China Peking Opera-Role of Jing
Role of Jing
The roles on the Chinese opera stage fall into four categories: Sheng, Dan, Jing and Chou. These roles have the natural features of age and sex, as well as social status, and are artificially exaggerated by makeup, costume and gestures.
Jing refers to painted-face roles, known popularly as Hualian. The different colors and designs on the faces represent males with different characteristics. Some are bold and vigorous and some are sinister, ruthless, crude and rash. The voice is loud and clear, and the movements are exaggerated.
The Jing role originates from the Fujing role of the Song Zaju. The Jing roles gradually increased in number, and became further divided into several groups, according to the different social positions and characters of the roles.
Dahualian with a fully painted face is known as Zheng Jing.

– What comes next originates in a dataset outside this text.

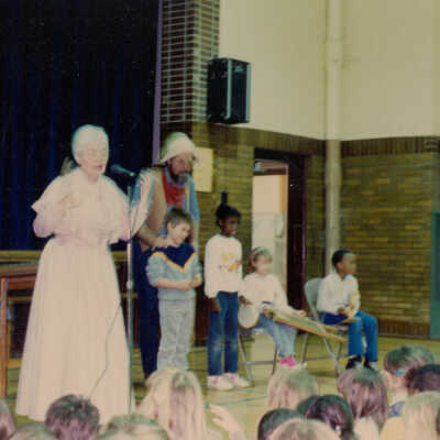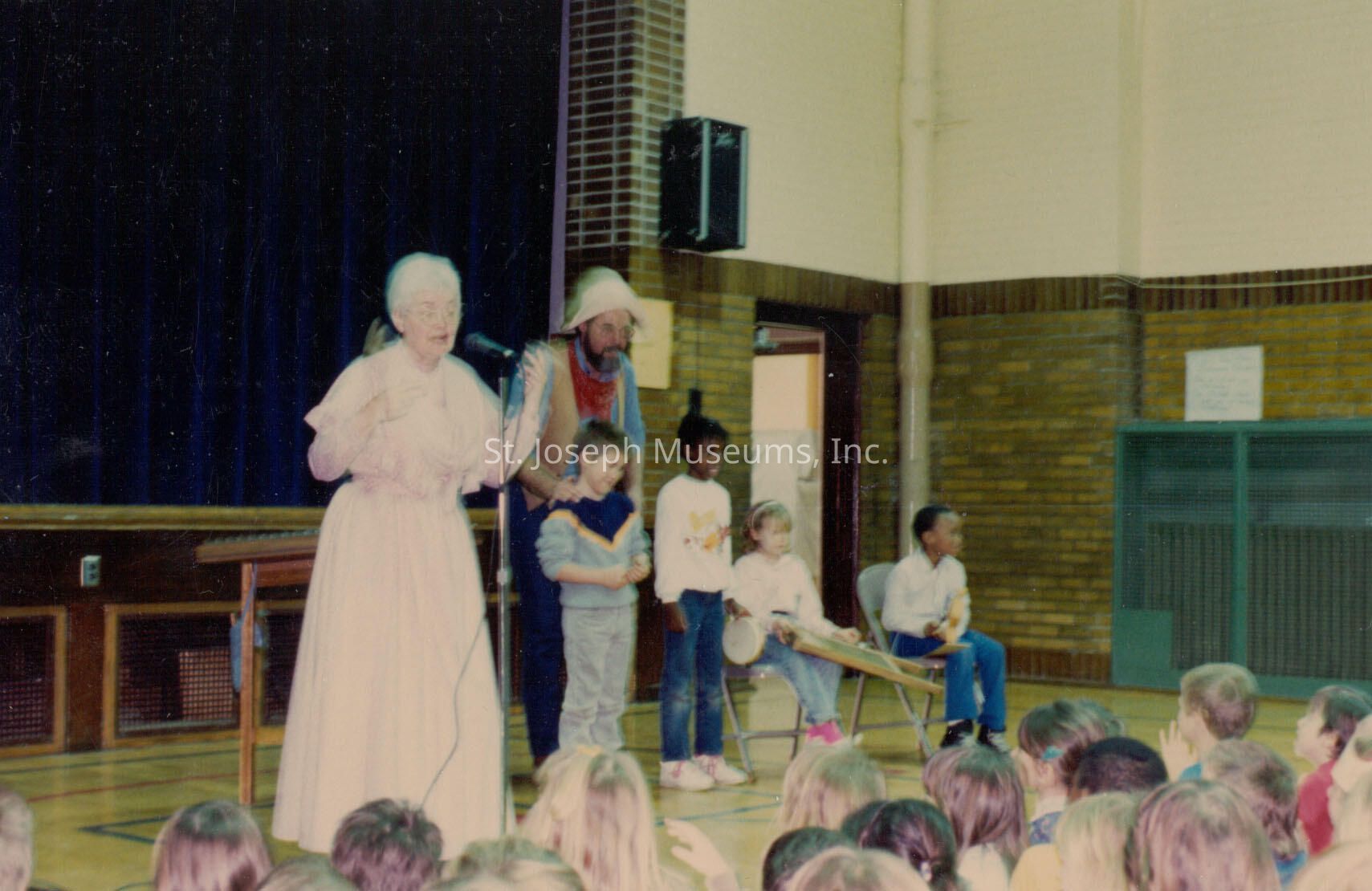 96.1P.159 = Esther Kreek, dressed in period clothes, speaks to children seated on gym floor. Storyteller with hands on shoulders of student behind her.
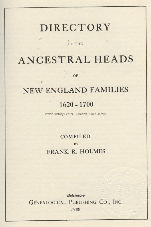 Directory of the Ancestral Heads of New England Families 1620-1700Entry/Object ID

The roles represent men of high social standing and good behavior, often court ministers. Zheng Jing sings in vigorous and sturdy tones.
Erhualian, also known as Fu Jing, has powerful bodily movements and sturdy singing voices. Some roles in this group represent rascally ministers, recognizable by their white faces.
Wu'er Hualian is also known as Wu Jing. This role is more physical than most of the others, with little singing or reciting.
You Hualian, also known as Mao Jing, is a clownish role. Some of You Hualian roles have special skills, such as spouting fire from the mouth or baring the teeth.